### TASK DETAILS
Every line below from the one with "Sponge Soft je" through the one with "Invisalign è un" should be retyped exactly, both ends included; no other lines and no pictures.

### RECORD EXTRACTS
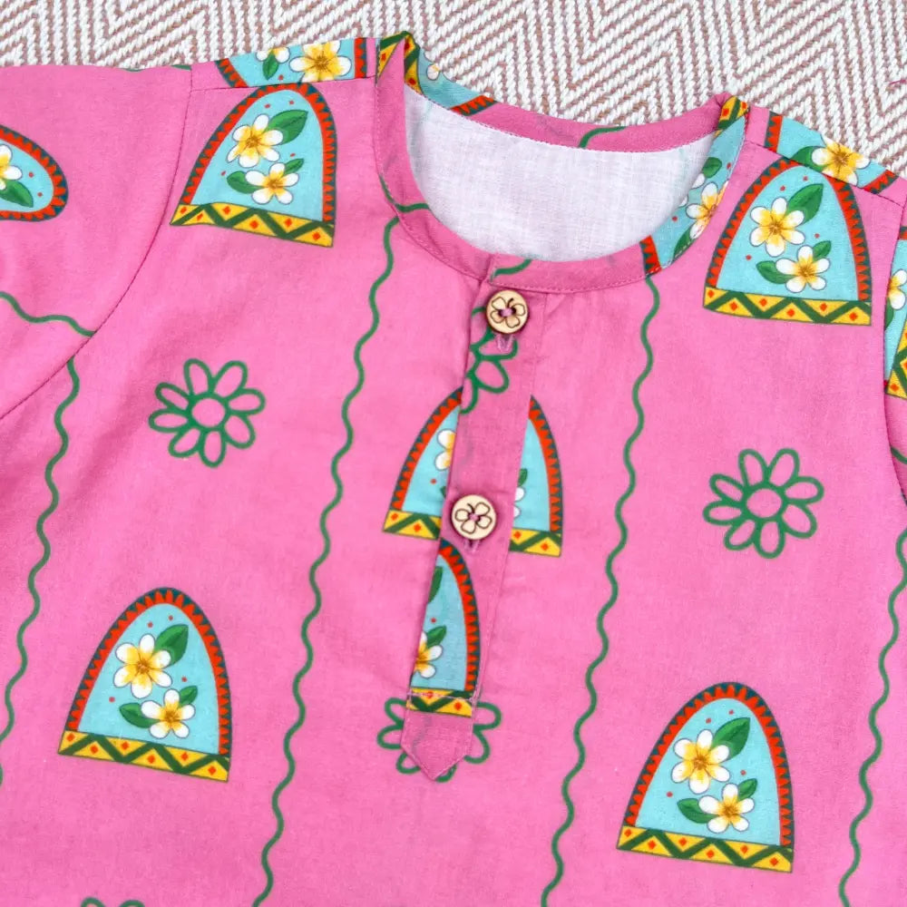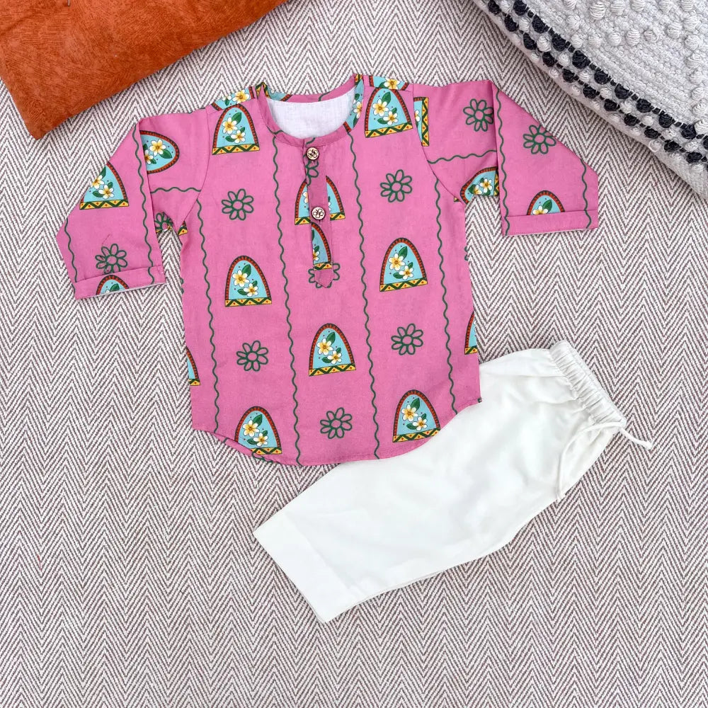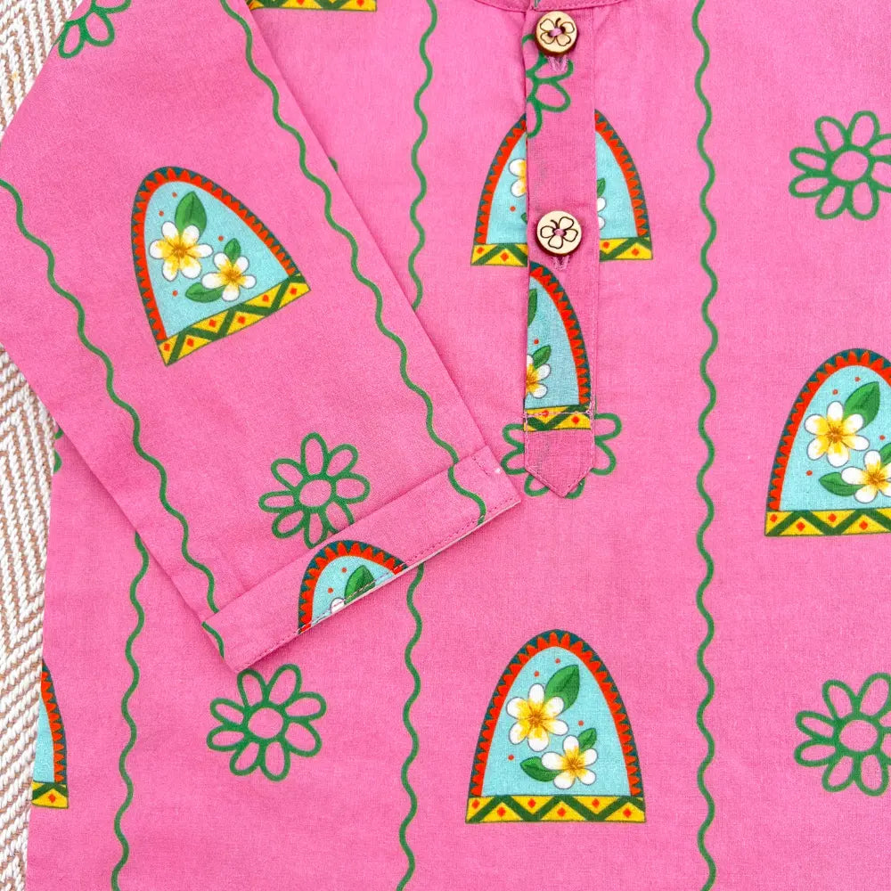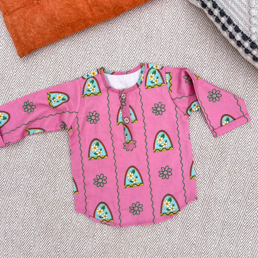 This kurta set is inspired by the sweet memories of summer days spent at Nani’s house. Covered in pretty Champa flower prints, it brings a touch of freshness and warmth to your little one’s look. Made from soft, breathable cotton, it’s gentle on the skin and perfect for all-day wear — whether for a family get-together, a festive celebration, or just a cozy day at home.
--
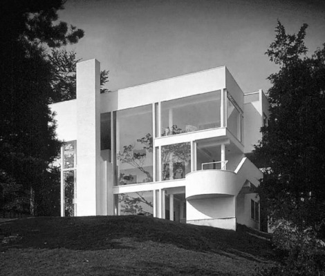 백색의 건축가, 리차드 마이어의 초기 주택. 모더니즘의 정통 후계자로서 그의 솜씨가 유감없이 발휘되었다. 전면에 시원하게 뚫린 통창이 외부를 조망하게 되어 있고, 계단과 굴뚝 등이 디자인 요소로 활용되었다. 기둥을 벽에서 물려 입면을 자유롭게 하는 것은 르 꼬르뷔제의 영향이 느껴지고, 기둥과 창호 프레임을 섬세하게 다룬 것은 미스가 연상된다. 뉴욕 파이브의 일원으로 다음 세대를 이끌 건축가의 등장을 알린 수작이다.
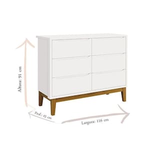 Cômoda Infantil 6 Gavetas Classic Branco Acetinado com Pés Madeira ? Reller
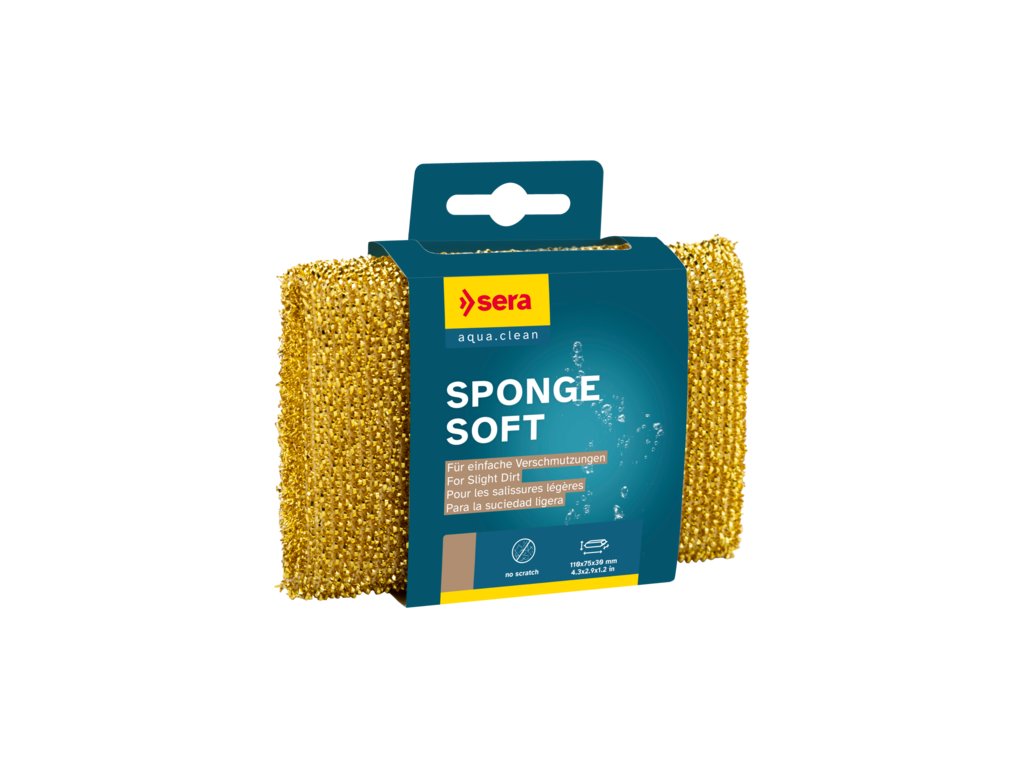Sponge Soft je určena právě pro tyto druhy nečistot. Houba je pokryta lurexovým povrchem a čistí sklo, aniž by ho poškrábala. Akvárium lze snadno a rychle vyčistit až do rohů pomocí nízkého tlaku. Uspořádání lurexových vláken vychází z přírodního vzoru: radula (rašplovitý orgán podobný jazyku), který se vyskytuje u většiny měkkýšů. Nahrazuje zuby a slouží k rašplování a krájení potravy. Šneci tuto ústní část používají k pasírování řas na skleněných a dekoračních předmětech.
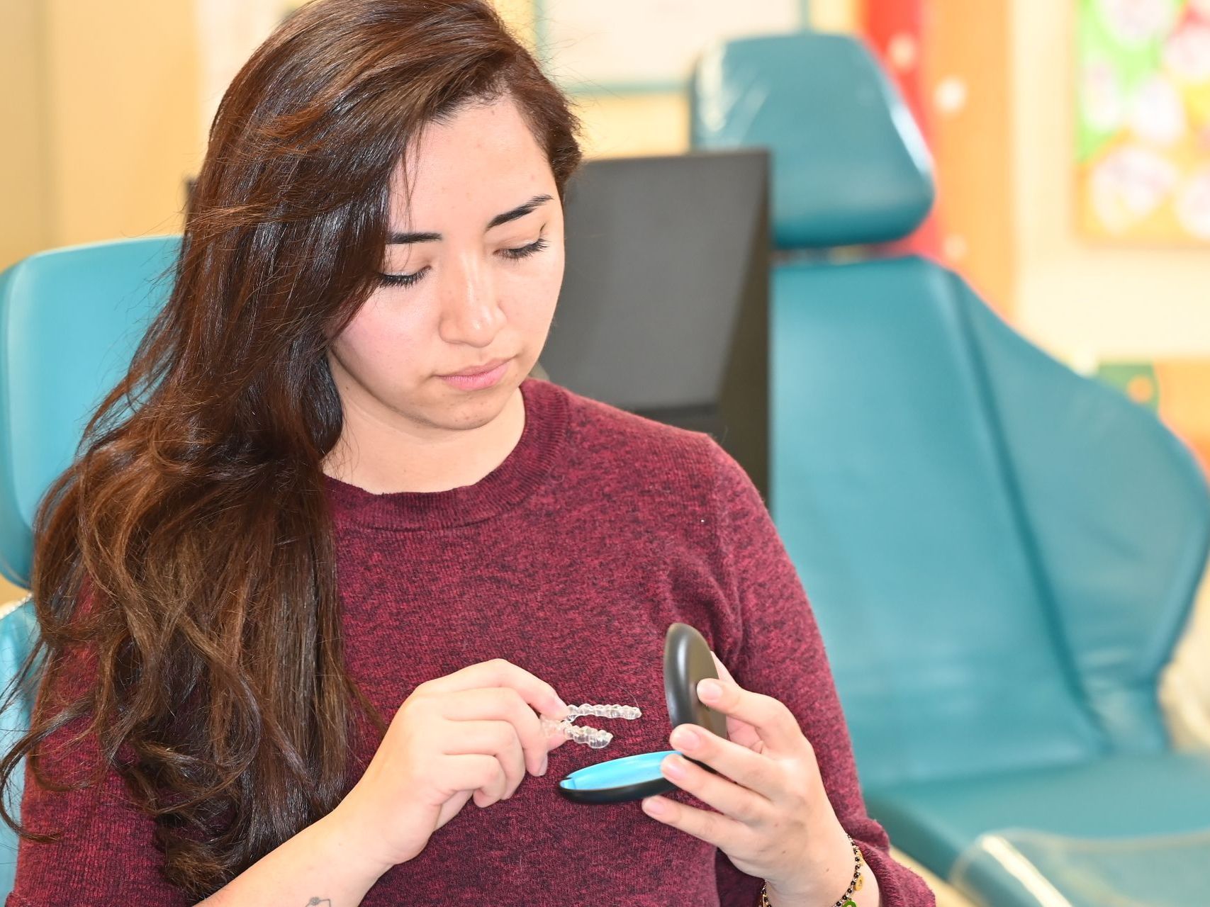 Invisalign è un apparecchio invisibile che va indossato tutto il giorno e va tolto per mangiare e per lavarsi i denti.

### OUTPUT OF THE TASK
Sponge Soft je určena právě pro tyto druhy nečistot. Houba je pokryta lurexovým povrchem a čistí sklo, aniž by ho poškrábala. Akvárium lze snadno a rychle vyčistit až do rohů pomocí nízkého tlaku. Uspořádání lurexových vláken vychází z přírodního vzoru: radula (rašplovitý orgán podobný jazyku), který se vyskytuje u většiny měkkýšů. Nahrazuje zuby a slouží k rašplování a krájení potravy. Šneci tuto ústní část používají k pasírování řas na skleněných a dekoračních předmětech.
 Invisalign è un apparecchio invisibile che va indossato tutto il giorno e va tolto per mangiare e per lavarsi i denti.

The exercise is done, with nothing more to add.